Ao contrário das vacinas tradicionais, essas são aplicadas após o diagnóstico, como parte do tratamento. Elas identificam mutações específicas do tumor e ensinam o sistema imunológico do paciente a combatê-lo de forma personalizada.
“Muitos pacientes que já falharam em tratamentos convencionais enxergam nessas vacinas a última esperança. Se esses estudos forem interrompidos, o impacto será devastador”, alerta Moura.
Impacto global e abertura para outros países
O corte nos EUA pode abrir espaço para que países como China, Índia e Brasil invistam em suas próprias plataformas de mRNA, fortalecendo a indústria local de biotecnologia. Mas esse movimento leva tempo e exige estrutura.
“A decisão enfraquece a ciência global. Ao mesmo tempo, é uma oportunidade para que outros países assumam o protagonismo e invistam no desenvolvimento dessa tecnologia”, avalia Gorinchteyn.
Para Luana Araújo, a medida é sintoma de uma “aliança entre ignorância e ideologia”, que nega avanços científicos comprovados e coloca em risco a saúde pública.
“É uma decisão criminosa do ponto de vista sanitário. Nega os dados, o histórico da pandemia e o futuro das descobertas científicas”, afirma.

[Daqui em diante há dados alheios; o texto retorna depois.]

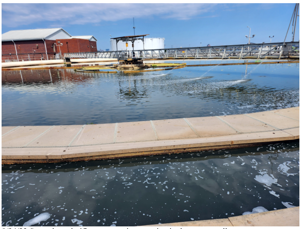
8/24/22 Secondary clarifier – vegetation growing in the center well.

Concerns: Routine maintenance required and vegetation growing in the clarifiers.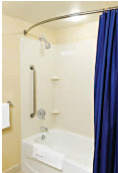
B-3200/B-3300 Pressure Balancing Shower Valve, 2.5 GPM Shower Head and Tub Spout

And with T&S's Reliability Built In™ , you can be assured of owning an outstanding shower product with T&S established quality and durability.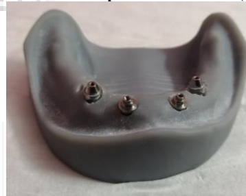
Figure (3): 3D cast with implants with multi-unit abutments.

Angled multiunit abutments (screw-retained abutments) attached to the peripheral implants whereas straight multiunit abutments attached to the central implants using hex screwdriver to ensure parallelism 5 (Figure 3)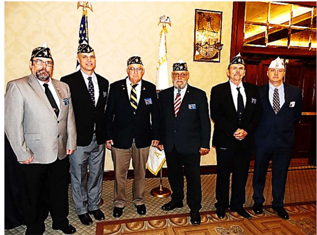
Figure 12 - Division 4 District Commanders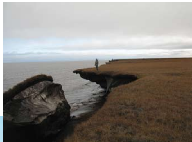
ABOVE. Coastal erosion.

The Commission has engaged in constructive dialogue with many players, and concludes that an oil spill research agenda would be relatively easy to put together if funding for research is made available (see white paper on this topic at http://www.arctic.gov ). Participants that would be involved in such a program include USCG, NOAA, NSSI, MMS, OSRI, NOAA, DOT’s Office of Pipeline Safety, and the State of Alaska.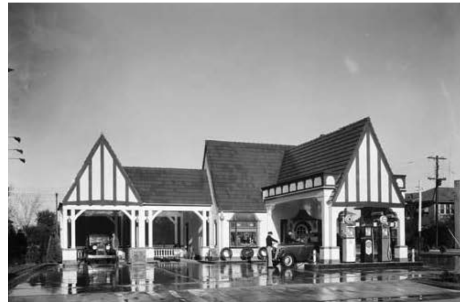
“Service station, no.2154; Gas Stations, Pure Oil” Houston, TX.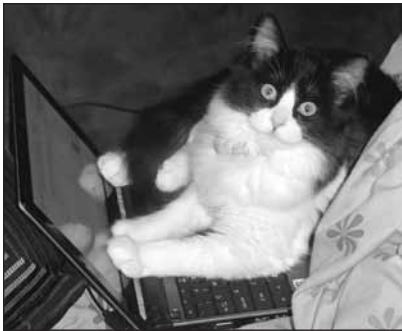
Ladybug checking her e-mail

Phone: 360-452-0414 Fax: 360-452-0412 E-mail: pfoa@olympen.com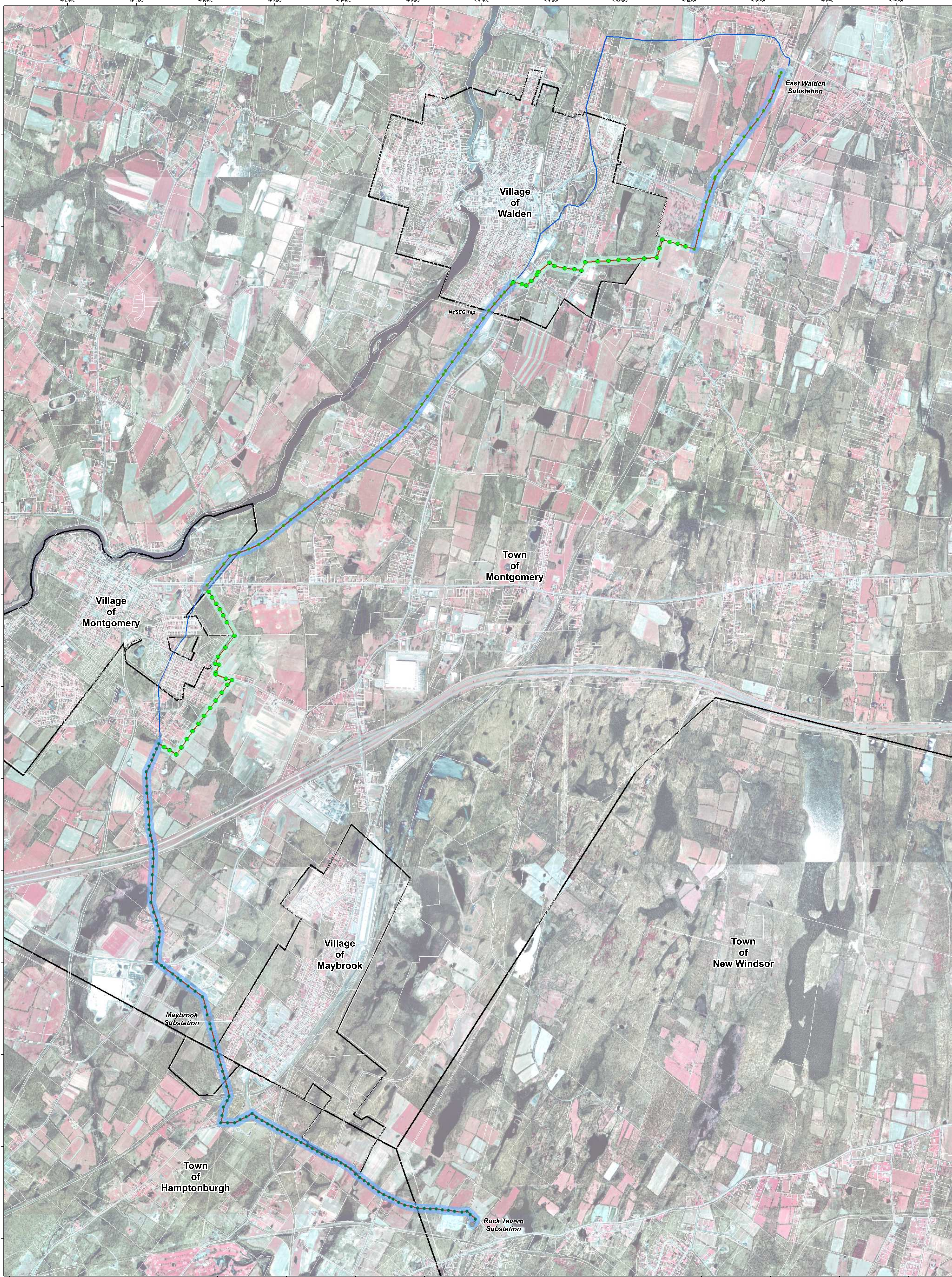
Central Hudson Gas & Electric WM Transmission Line Rebuild Project Figure 4b. Proposed Route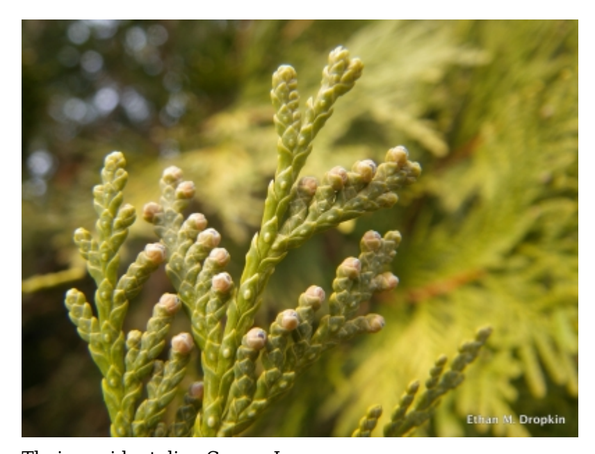
Thuja occidentalis - Cones, Leaves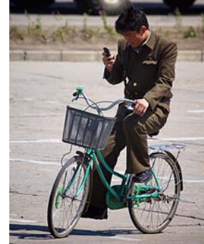
DPRK cell phone user

Koryolink operates with technology provided by an Egyptian company that has negotiated exclusive rights to the market until 2015. 95 Users are not able to retreat into a private world; Rodong Sinmun , mouthpiece of the KWP, sends out daily texts of approved news to subscribers. 96 While ordinary citizens do not have access to the internet, the DPRK has a domestic equivalent, known as the intranet ( kwangmyong ). It includes a search engine, news groups, and an email program that operates with Red Star, North Korea's homegrown alternative to Windows. 97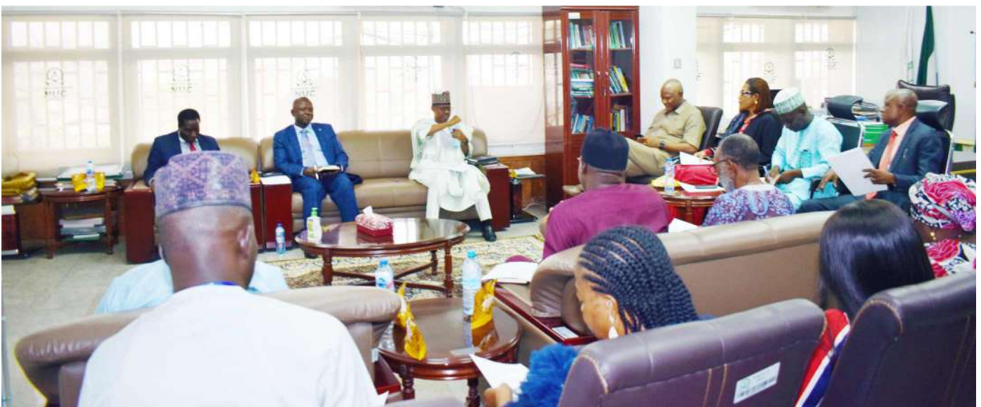
The Ag. ES, NUC, stressing a point during the meeting while members of the management and the visitors were attentive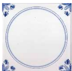
ym-A18 - Edge motif - Blue painting on matt white glaze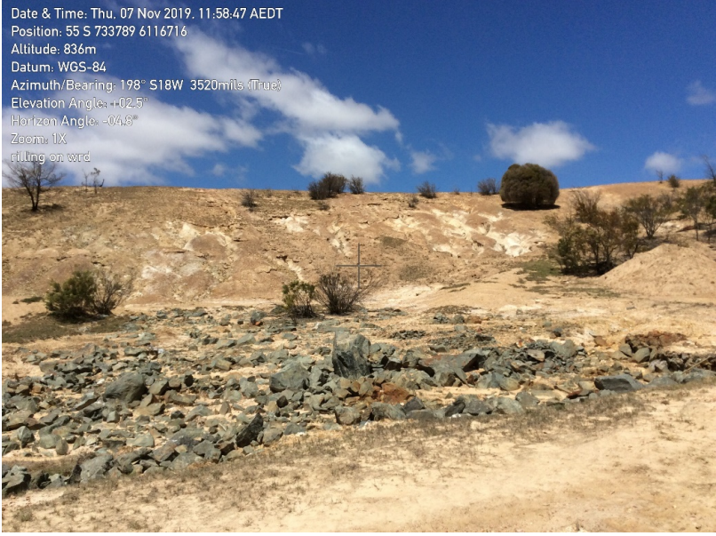
Figure 1 Vegetation failure and erosion on the western face of the waste rock emplacement

Section 6 of the MOP outlined the performance indicators and completion criteria for various mine phases and domains. In the construction phase, the completion criteria for Tailings Storage Facility 4 was a lining to achieve 1 \times 10^{-9} m/s to a depth of at least 900 millimetres of clay or equivalent. Permeability test results (Douglas Partners) were provided as evidence to demonstrate that the required permeability was achieved. The average of the testing was 6 \times 10^{-10} m/s which was in excess of the required criteria.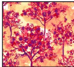
9729-33 Trees - Peach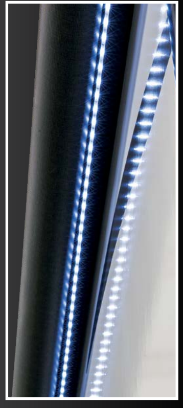
LED LIGHT STRIP makes evening gatherings magical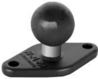
RAM-B-238U-500 500 BULK 2-7/16" X 1-5/16" BASES WITH BALL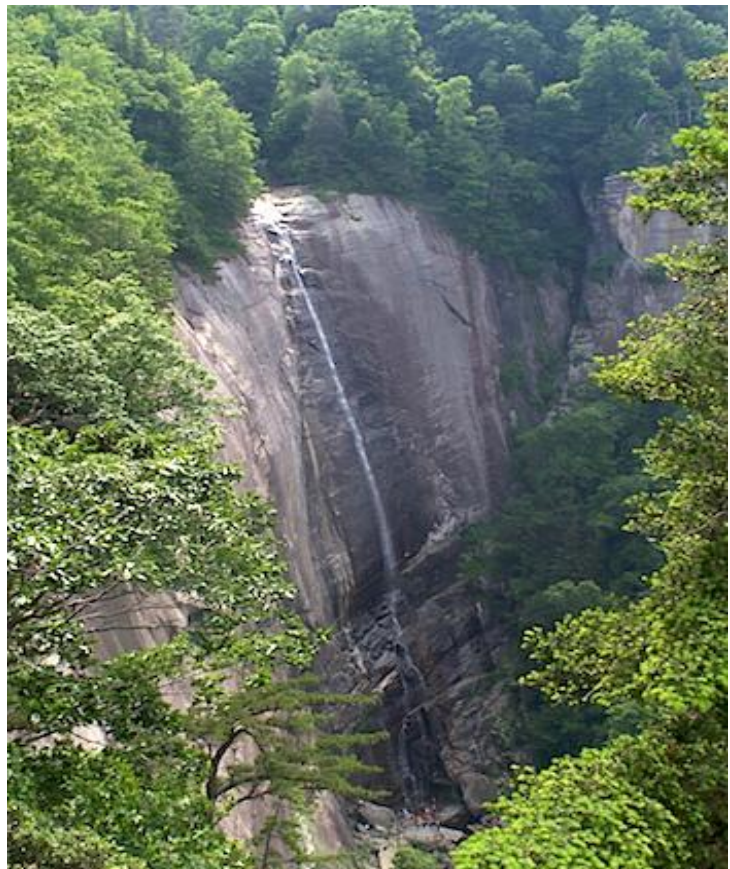
Hickory Nut Falls

Hickory Nut Falls Trail winds through Hickory Nut Gorge to the bottom of Hickory Nut Falls. The second highest falls of its kind east of the Mississippi River, the falls played a major role in “The Last of the Mohicans,” the 1992 movie starring Daniel Day-Lewis.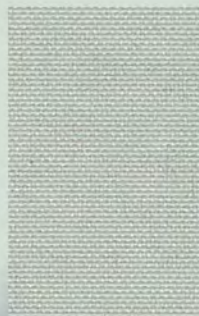
489 Silver Gray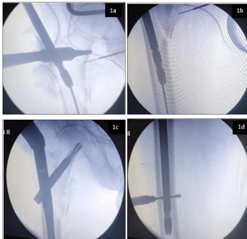
Fig 1: Surgical technique of PFN-A2 for subtrochanteric fracture

All the patients were advised to completely weight bearing after 10 – 12 weeks of post operative period. All patients were followed up at the end of 1, 2, 6 and 12 months. At each follow up, the radiographs of upper femur and hip were taken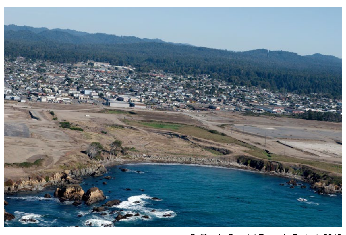
California Coastal Records Project, 2013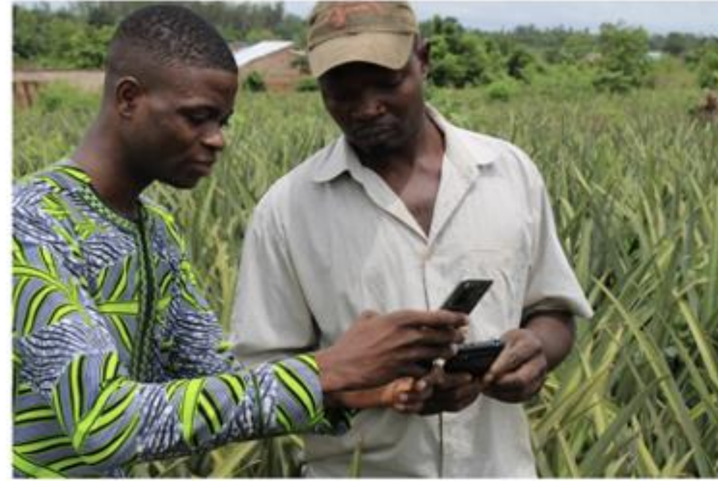
Training and field registration at Zè Tango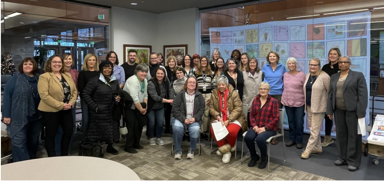
Milwaukee County EBPP Facilitators Meeting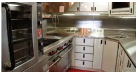
Kitchen. Custom kitchen areas in restaurant and vending trailers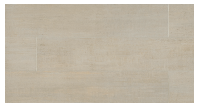
Blanc - BLA CRDBARBLA840 - 8"x40" Rectified Field Tile - Matte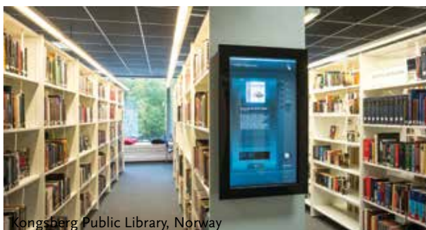
Kongsberg Public Library, Norway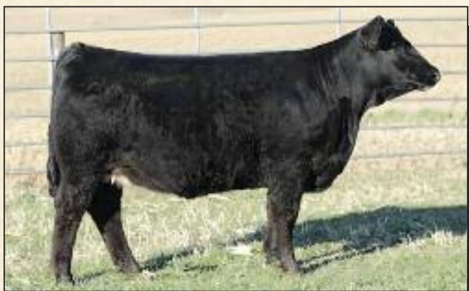
Lot 15 – Northland Miss 939G

AI Bred Capitalist 5/14/20; Due 2/18/21. This gal's Dam is one of the top producing young cows in our program. A full Brother to 906G sells as Lot 34, and her Grand Dam sells as Lot 49. Get ready for a "Capitalist" in a couple weeks.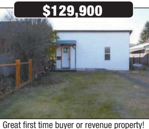
Home has newer windows, roof, appli ances, space heater. Spacious rooms throughout. The lot is nice and level.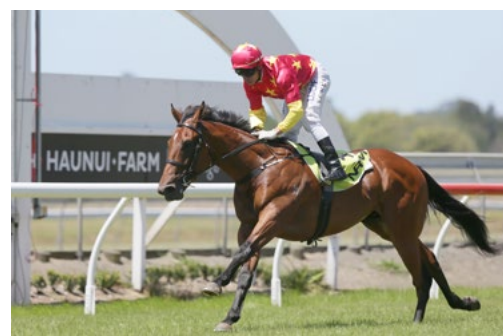
Aim Smart (Smart Missile)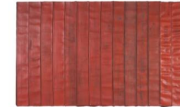
Title: Reflections on El Lissitzky Date: 2013 Primary Maker: Theaster Gates Medium: Decommissioned fire hose and wood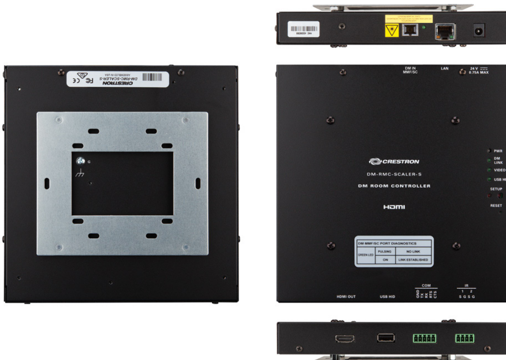
DM-RMC-SCALER-S – Rear, Top, Front, and Bottom Views

DigitalMedia 8G™ Fiber Receiver & Room Controller w/Scaler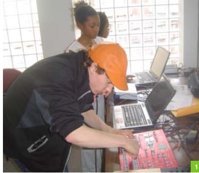
The best victory for the students was being able to experience the rewards of all their hard work. Although their hard work and preparation did result in a successful event, the students soon began to learn that being a leader is not always fun.

Each student put together outfits to express his/her individual sense of style. The show was a huge success. In addition to fully expressing themselves in their unique styles, the young leaders also managed their rehearsal times, practiced their lineups and organized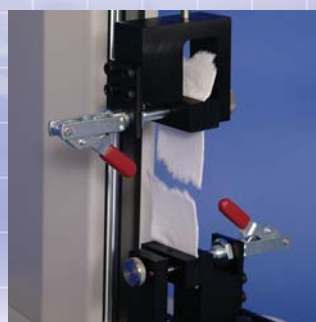
Textile tension test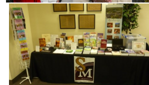
Bottom: Starr Ministry Book Table Ministry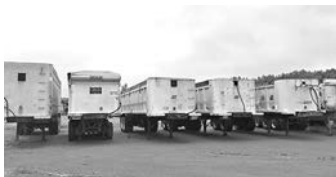
28'-32' Alum. high side, East, Frue., City, Allison, tdm., tri, ready to work . . . . . Call for details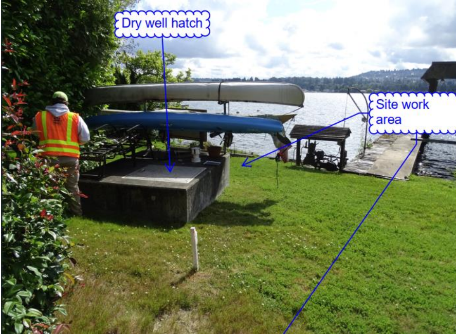
FS 12 – Flush Station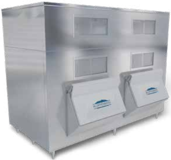
model# 4345 shown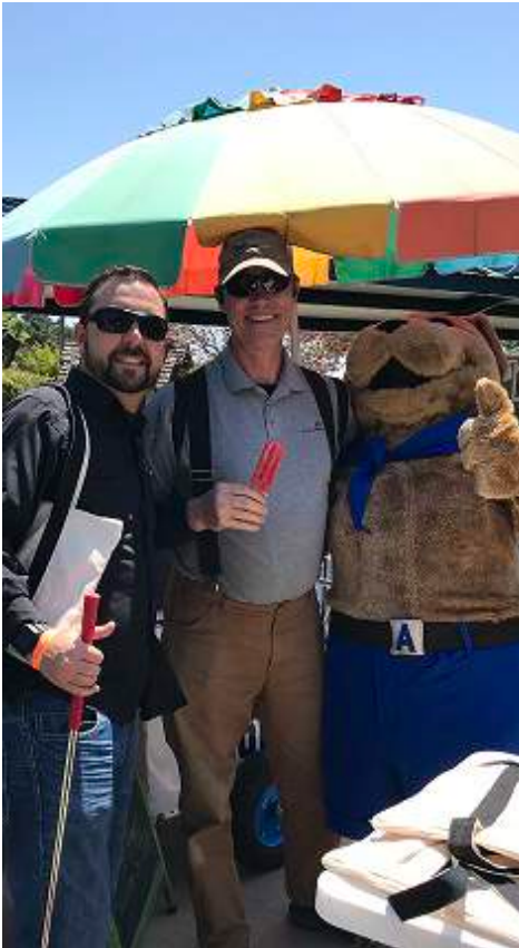
Associa Supports Kids' (ASK) Scout makes an appearance at the 2018 5th Annual Homeside Properties, Inc. Associa Cares Mini-golf Event

Avanço do negacionismo e da hesitação vacinal
Outro temor dos especialistas é que a decisão alimente ainda mais o movimento antivacina, que já vinha ganhando força nos EUA nos últimos anos.
“Quando a hesitação parte de um líder de Estado, o impacto é muito maior. Isso gera medo, insegurança e afasta investidores”, afirma Stefani.
A alegação do governo de que vacinas mRNA seriam “instáveis” ou “inseguras” já foi refutada por diversas agências de saúde, incluindo a FDA (agência reguladora dos EUA), a OMS e estudos revisados por pares.
“Não existe nenhuma comprovação científica de que essas vacinas causaram doenças graves. Isso é fake news”, reforça Moura.
O que pode acontecer agora?
Ainda não se sabe se os estudos em andamento serão imediatamente interrompidos ou se o corte afetará apenas novos projetos. Mas o risco existe — e preocupa.
“Se um paciente está com a doença controlada e o centro de pesquisa perde o financiamento, o tratamento pode ser suspenso”, alerta Moura.
“Vamos levar o dobro do tempo para alcançar resultados que estavam próximos. E o sofrimento adicional dos pacientes estará nas costas de quem tomou essa decisão”, conclui Luana Araújo.